De loin je la vis arriver, emmitouflée dans un manteau de fourrure blanche,
avec son petit pull à col roulé. Oubliées les longues heures d’attente, oubliés
les jours sans vie elle était là enfin. Je la vis s’arrêter le temps de se
rendre compte que c’était bien moi, l’homme qu’elle voyait ombre mouvante se
découpant dans la grisaille. Elle se mit à courir vers moi et se jeta dans mes
bras. Nous nous serrions si fort, deux êtres éperdus, riant et pleurant à la
fois, le souffle coupé. J’ouvris son manteau de laine blanche pour mieux sentir
sa chaleur, respirer son odeur, sentir son cœur battre contre le mien. Les
larmes salées se mêlaient à nos baisers, nous n’en finissions plus de nous
étreindre. Je lui murmurai des mots tendres à l’oreille, lui disant combien je
l’aimais, que maintenant j’étais là, qu’il ne pouvait plus rien lui arriver,
que je voulais la garder près de moi et la protéger le restant de mes jours.
Nous
n’avions pas beaucoup de temps devant nous, elle était très surveillée.

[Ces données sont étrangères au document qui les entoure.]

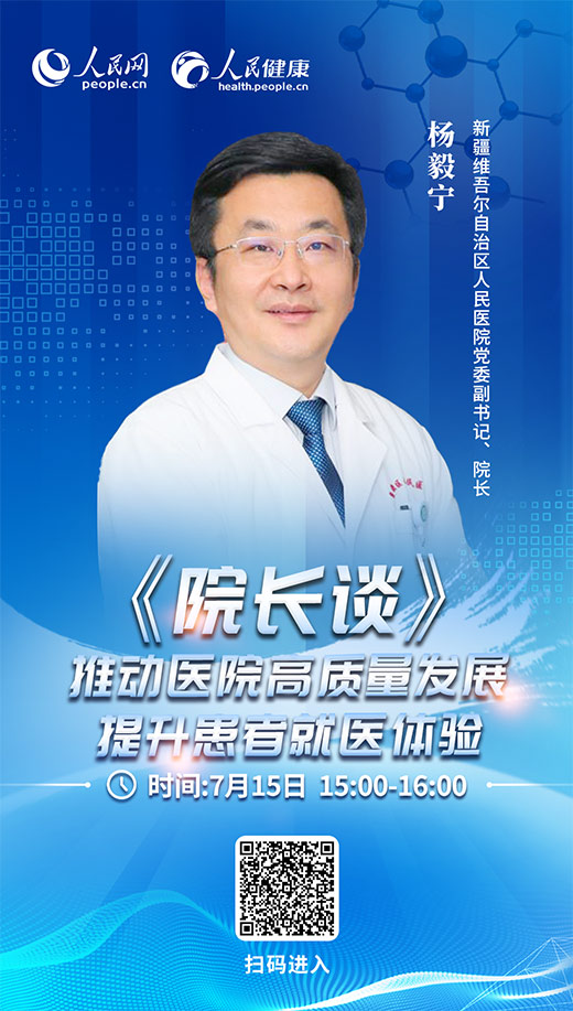 7月15日15:00-16:00,《院長(zhǎng)談》專(zhuān)欄將邀請(qǐng)新疆維吾爾自治區(qū)人民醫(yī)院黨委副書(shū)記、院長(zhǎng)楊毅寧做客演播室,就“推動(dòng)醫(yī)院高質(zhì)量發(fā)展 提升患者就醫(yī)體驗(yàn)”話(huà)題與網(wǎng)友在線交流。

Elle me
dit qu’effectivement son test de
grossesse s’était révélé positif, qu’entre temps ses parents l’avaient appris
et avaient été très en colère la menaçant des pires représailles. Mais avant
mon retour, le destin s’était chargé de mettre un terme à l’objet de ces
disputes, car il y a quelques jours elle était tombée bizarrement dans les
escaliers, précédents son beau père, et blessée elle avait perdu le fruit de
nos amours.
A
l’écouter parler j’étais plein de colère, de haine, non pas contre elle, mais
envers tous ces adultes qui ne comprenaient rien. J’allais leur montrer moi ce
que c’était que d’aimer. J’étais bien jeune, bien innocent à l’époque.
Mais
Marie Luise ne voulait pas que j’intervienne, elle ne souhaitait pas une guerre
ouverte avec ses proches. Elle me supplia d’être patient, qu’un jour prochain
elle partirait avec moi et demanderait son émancipation.